-- GOAL OF THE EXERCISE --
With the pictures left out, print exactly the lines below that run from the one containing "桐城國軒新能源有限公司招聘" through the one containing "Отличная утилита, позволяющая".

-- DATA FOR THIS EXERCISE --
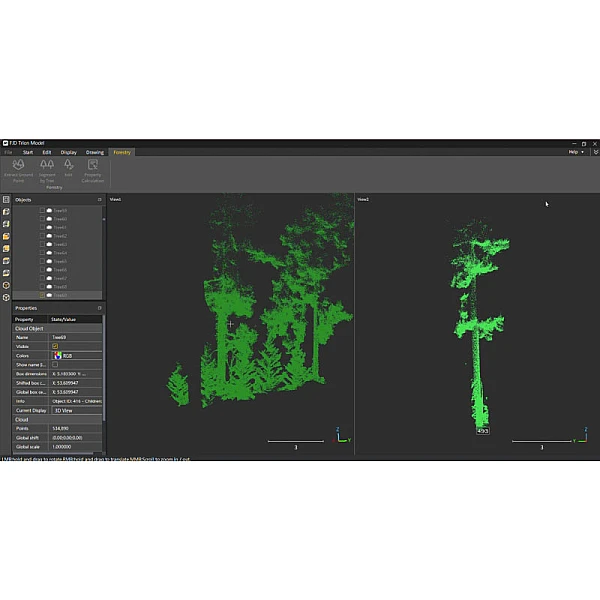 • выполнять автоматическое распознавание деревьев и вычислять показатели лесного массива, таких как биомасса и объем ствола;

* * *

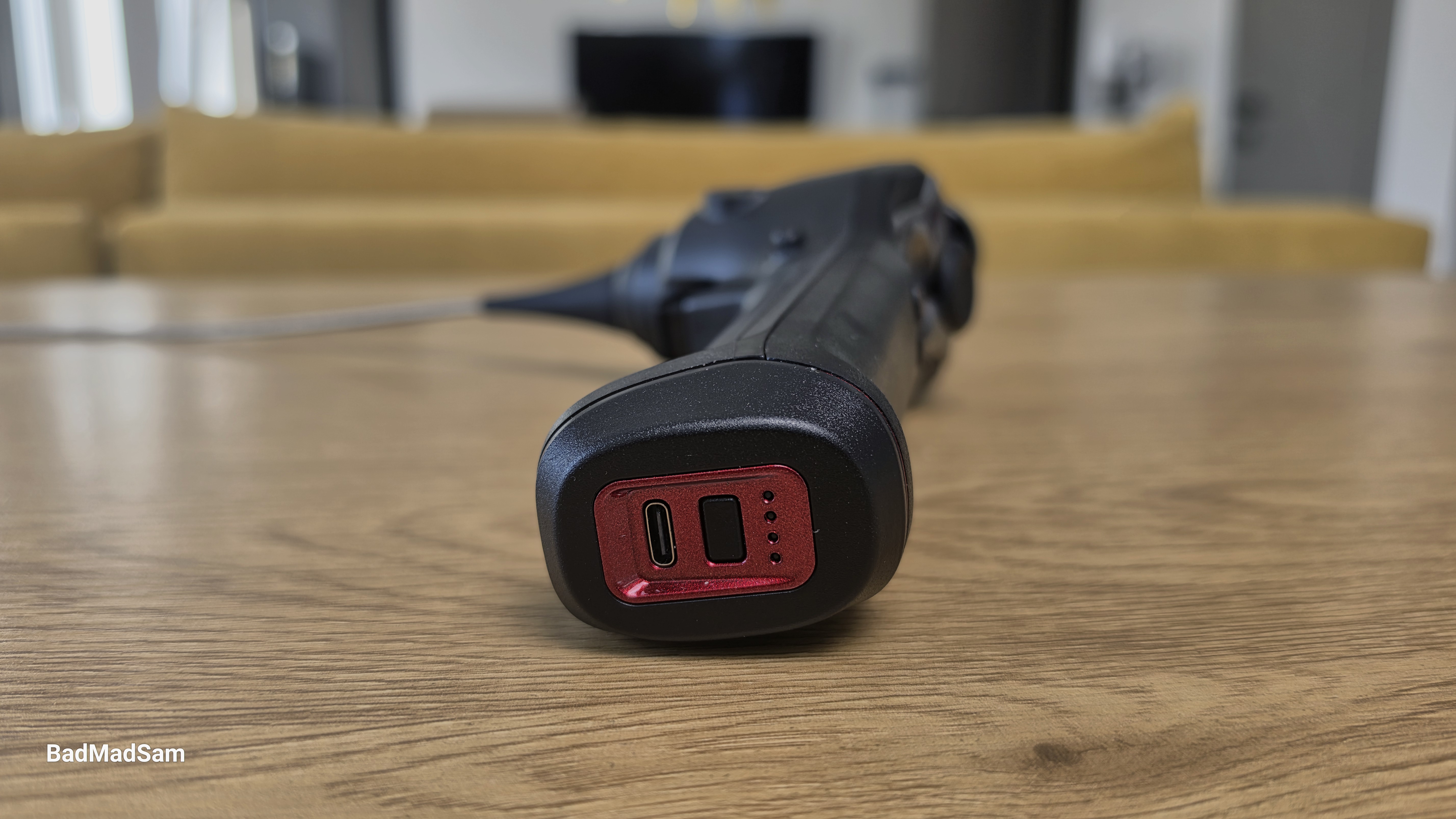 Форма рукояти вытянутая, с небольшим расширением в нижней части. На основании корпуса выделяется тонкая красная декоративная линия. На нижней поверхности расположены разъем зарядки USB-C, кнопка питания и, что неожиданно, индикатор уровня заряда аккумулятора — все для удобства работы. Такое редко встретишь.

* * *

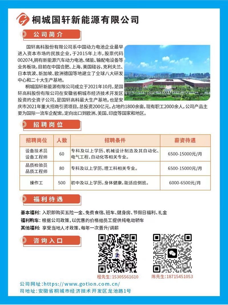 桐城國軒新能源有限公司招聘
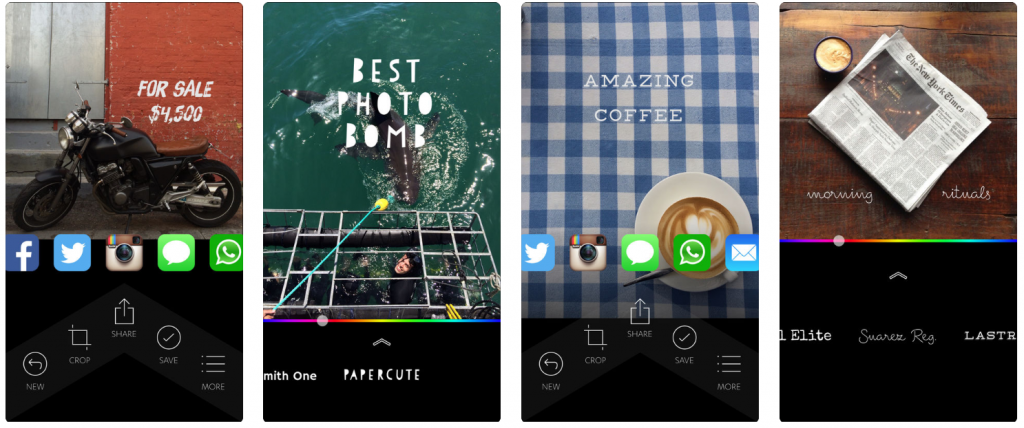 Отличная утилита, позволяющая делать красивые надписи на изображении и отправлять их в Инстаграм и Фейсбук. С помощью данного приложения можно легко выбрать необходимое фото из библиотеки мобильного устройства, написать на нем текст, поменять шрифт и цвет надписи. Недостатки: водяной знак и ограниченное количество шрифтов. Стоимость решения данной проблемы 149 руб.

-- FINISHED EXERCISE --
 桐城國軒新能源有限公司招聘
 Отличная утилита, позволяющая делать красивые надписи на изображении и отправлять их в Инстаграм и Фейсбук. С помощью данного приложения можно легко выбрать необходимое фото из библиотеки мобильного устройства, написать на нем текст, поменять шрифт и цвет надписи. Недостатки: водяной знак и ограниченное количество шрифтов. Стоимость решения данной проблемы 149 руб.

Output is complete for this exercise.